Could you write out, exactly as they stand, only the lines in the listing below from the line with "鲜花、合影、祝福……每一位老" to the line with "This design is", both ends included, without the pictures?

## DATA
**********
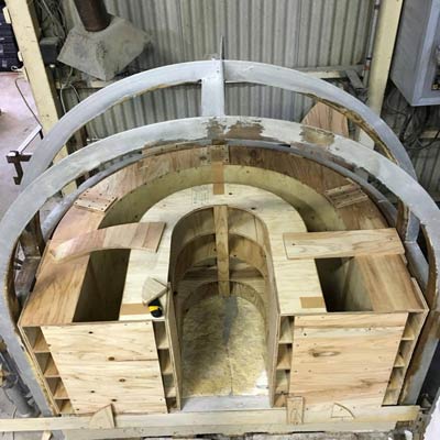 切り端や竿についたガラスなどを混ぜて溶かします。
**********
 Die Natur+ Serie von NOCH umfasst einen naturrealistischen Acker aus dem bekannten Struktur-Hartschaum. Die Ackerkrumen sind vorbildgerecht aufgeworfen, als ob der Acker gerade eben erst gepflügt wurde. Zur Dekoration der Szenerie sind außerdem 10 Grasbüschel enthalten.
**********
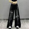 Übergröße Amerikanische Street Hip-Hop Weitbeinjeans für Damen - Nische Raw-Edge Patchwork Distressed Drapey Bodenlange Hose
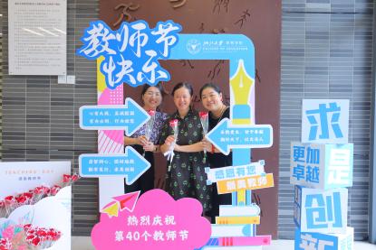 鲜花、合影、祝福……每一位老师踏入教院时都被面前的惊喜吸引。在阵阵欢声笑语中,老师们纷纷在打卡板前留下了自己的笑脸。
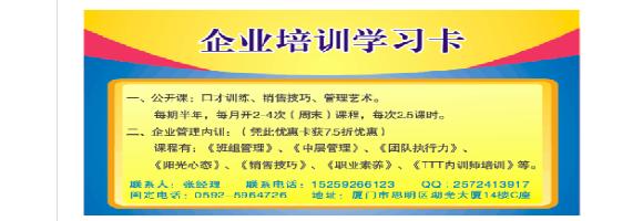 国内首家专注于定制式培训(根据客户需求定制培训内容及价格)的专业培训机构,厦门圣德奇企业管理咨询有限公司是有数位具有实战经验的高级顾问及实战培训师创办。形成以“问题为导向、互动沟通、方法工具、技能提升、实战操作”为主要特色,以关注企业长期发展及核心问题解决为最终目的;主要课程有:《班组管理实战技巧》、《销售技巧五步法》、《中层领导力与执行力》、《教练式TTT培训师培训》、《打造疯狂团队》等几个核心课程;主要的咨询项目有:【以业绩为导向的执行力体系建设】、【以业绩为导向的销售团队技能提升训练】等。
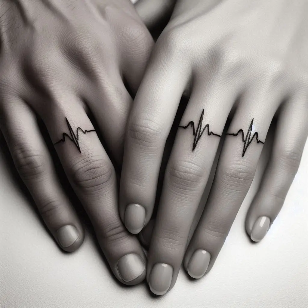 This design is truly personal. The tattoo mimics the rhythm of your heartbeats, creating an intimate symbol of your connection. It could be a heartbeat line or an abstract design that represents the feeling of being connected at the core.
**********
## EXERCISE RESPONSE
 鲜花、合影、祝福……每一位老师踏入教院时都被面前的惊喜吸引。在阵阵欢声笑语中,老师们纷纷在打卡板前留下了自己的笑脸。
 国内首家专注于定制式培训(根据客户需求定制培训内容及价格)的专业培训机构,厦门圣德奇企业管理咨询有限公司是有数位具有实战经验的高级顾问及实战培训师创办。形成以“问题为导向、互动沟通、方法工具、技能提升、实战操作”为主要特色,以关注企业长期发展及核心问题解决为最终目的;主要课程有:《班组管理实战技巧》、《销售技巧五步法》、《中层领导力与执行力》、《教练式TTT培训师培训》、《打造疯狂团队》等几个核心课程;主要的咨询项目有:【以业绩为导向的执行力体系建设】、【以业绩为导向的销售团队技能提升训练】等。
 This design is truly personal. The tattoo mimics the rhythm of your heartbeats, creating an intimate symbol of your connection. It could be a heartbeat line or an abstract design that represents the feeling of being connected at the core.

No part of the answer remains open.